- Current Updated School Crest

Location
- 2241 Mississauga Road Mississauga, Ontario, L5H 2K8 Canada 43°32′32″N 79°38′17″W﻿ / ﻿43.542109°N 79.638063°W

Information
- School type: Independent School
- Motto: Curious, Courageous, Compassionate
- Religious affiliation: Roman Catholic
- Founded: 1964; reverted to Independent school in 2008
- Closed: 2026
- Head of School: Carrie Hughes-Grant
- Grades: 5 to 12
- Enrollment: 230; capped at 500
- Language: English
- Area: Mississauga
- Colours: Blue, Silver
- Mascot: Husky
- Website: holynameofmarycollegeschool.com

= Holy Name of Mary College School =

Independent school in Ontario, Canada

Holy Name of Mary College School, located in Mississauga, was Ontario's only independent Catholic school for girls in Grades 5 to 12. The school provided a liberal arts education on a 25-acre campus and has adopted a modified semester system starting in the 2021-2022 academic year. The school offered courses exclusively at the Academic level, except for certain Open courses like Music and Physical Education, and prepared girls to meet university entrance standards. The school placed a significant emphasis on vocal music, as evidenced by its three acclaimed choirs. Holy Name of Mary College School was affiliated with St. Michael's College School, a Catholic all-boys private school located in Toronto.

==History==
Both Holy Name of Mary College School and Holy Name of Mary Catholic Secondary School trace their origin to the original Holy Name of Mary School founded on 7 September 1964 by the Felician Sisters as a private school for girls. In 1972, the school entered an agreement with the local school board that students in grades 9 and 10 would be publicly funded. In 1987, Holy Name of Mary became a fully funded Catholic secondary school.

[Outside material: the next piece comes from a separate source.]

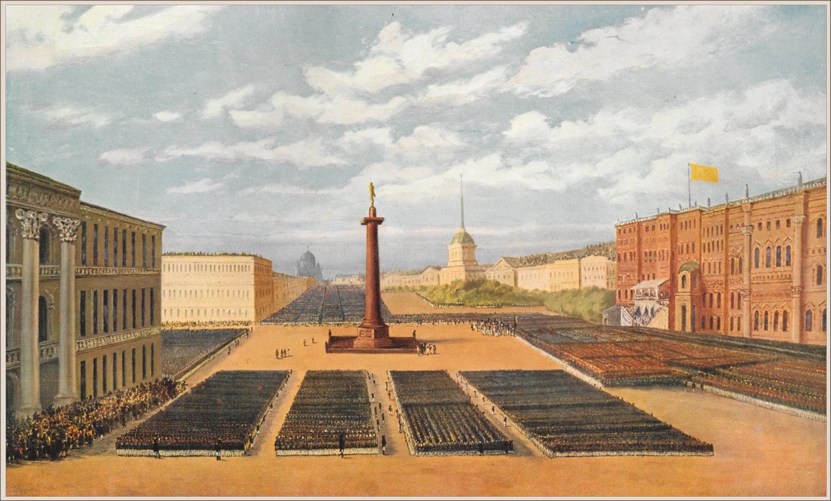 После того как император в сопровождении великого князя Михаила, принца Вильгельма Прусского и фельдмаршалов Витгенштейна и Паскевича осмотрел войска, он вернулся в центр площади и подошёл к колонне. С балкона дворца духовенство начало петь Te Deum. Армия и народ внимательно слушали. Но как описать последовавший момент? Воцарилась глубочайшая тишина; лишь издалека можно было услышать церковное пение и голос архидиакона, читавшего в память об Александре молитву за усопших. Я видел, как император Николай, присутствовавший на службе, теперь вышедший из дворца, на глазах у всего собравшегося народа внезапно опустился на колени, и как 100 000 солдат в стремительном движении сделали то же самое.

The Felician Sisters and St. Michael's College School co-founded the independent Holy Name of Mary College School. In September 2008, Holy Name of Mary reopened as Holy Name of Mary College School, an independent, Catholic all-girls school.

2008 enrollment figures were very low, however the school community rallied and the school remained open. Father Joe Redican, CSB, and President of St. Michael's College School stated, "there has been incredibly strong community support expressed for the vision of an independent Catholic girls’ school, and specifically for the incredible work the current school is doing in educating the wonderful young women who currently attend."

On Sunday, November 1, 2009, Archbishop Cardinal Thomas Christopher Collins presided at the Blessing and Celebration of Holy Name of College School and students. The Holy Name of Mary College School choir and students from St. Michael's College School provided the music at the mass. Guests included Felician Sisters, Trustees, teachers, alumni, and clergy. The ceremony included a Papal Blessing for the school.

==Duke of Edinburgh Award==
On Saturday, November 27, 2010, 78 participants from across the GTA and Ontario were presented with their Silver Duke of Edinburgh Award by Marc Kielburger, co-founder of Free the Children, at a ceremony held at HNMCS.
Jill Hermant, Executive Director of The Duke of Edinburgh's Award said, "We are appreciative of all the support HNMCS is providing the Award on this occasion, over and above the stellar programme they run themselves."
As of the 2020–2021 school year, many HNMCS students have pursued the award themselves, with 43 currently partaking in the award.

==Closure==
On November 12, 2025 students and parents received an email from the Board of directors detailing that Holy Name of Mary College School would be closing as of the 2025-2026 academic year. The email detailed that "despite efforts to attract and retain students, enrolment has dropped by 39% in the past 7 years" and that "enrolment had dropped below the level necessary to sustain operations". The school ended operations on June 30, 2026.